Wife Quotes


Notice where I scraped off the ‘S’

For my wife’s birthday, I bought her a small bottle of exclusive perfume called ‘Ample’. . . . I just hope she does not notice where I scraped off the ‘S’!


Wait a minute and I will put it on

Wife: I have bought you a beautiful surprise for your birthday, it has just arrived. Husband: I am curious to see it. Wife: Wait a minute and I will put it on.


Dear Married People

Dear Married People, Buddha had to invent a whole new religion to escape his wife that’s how difficult it is!

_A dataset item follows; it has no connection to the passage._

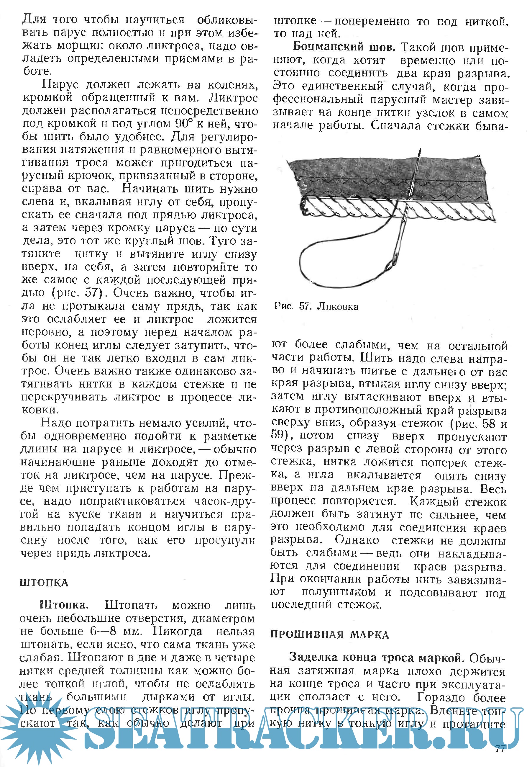Год выпуска: 1980 Язык: русский Автор: Ховард-Уильямс Дж. Жанр: Руководство Издательство: Физкультура и спорт Формат: DjVu Качество: Отсканированные страницы Количество страниц: 93 Описание: Знаете ли вы, как ухаживать за парусами, как перекроить и подогнать их, как починить? Загляните в книгу известного английского специалиста по парусному спорту, она поможет решить вам все эти проблемы. И даже если многое из того, что пишет автор, известно вам, вы все же найдете для себя полезное и поучительное. Книга эта - своеобразный справочник яхтсмена и адресуется яхтсменам различной квалификации.
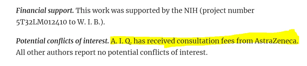 Noch merkwürdiger ist, dass der erstgenannte Autor, Adnan I. Qureshi, zufällig auch als Berater für AstraZeneca tätig ist, von dem man annehmen könnte, dass er sich für die Auswirkungen der Impfstoffe in diesem Zusammenhang interessiert:

A husband was stung by a bee

A husband was stung by a bee on his pnes and it became swollen. His wife prayed, ‘Oh God may you remove off the pain and leave the size as it is.


Wife to maid

Wife to maid: I Think my husband ‘s having an affair with his secretary. Maid: you are only saying it to make me jealous.


Women live a better

Women live a better, longer and peaceful life.. !! Why? Very simple… A woman does not have a wife.. !!!


Statement bereft of facts

On her birthday and our anniversary, I also want to share on FB that my wife is best wife in the world. But I need some experience to make such an announcement. So for that, more wives are needed otherwise it would be hollow statement bereft of facts!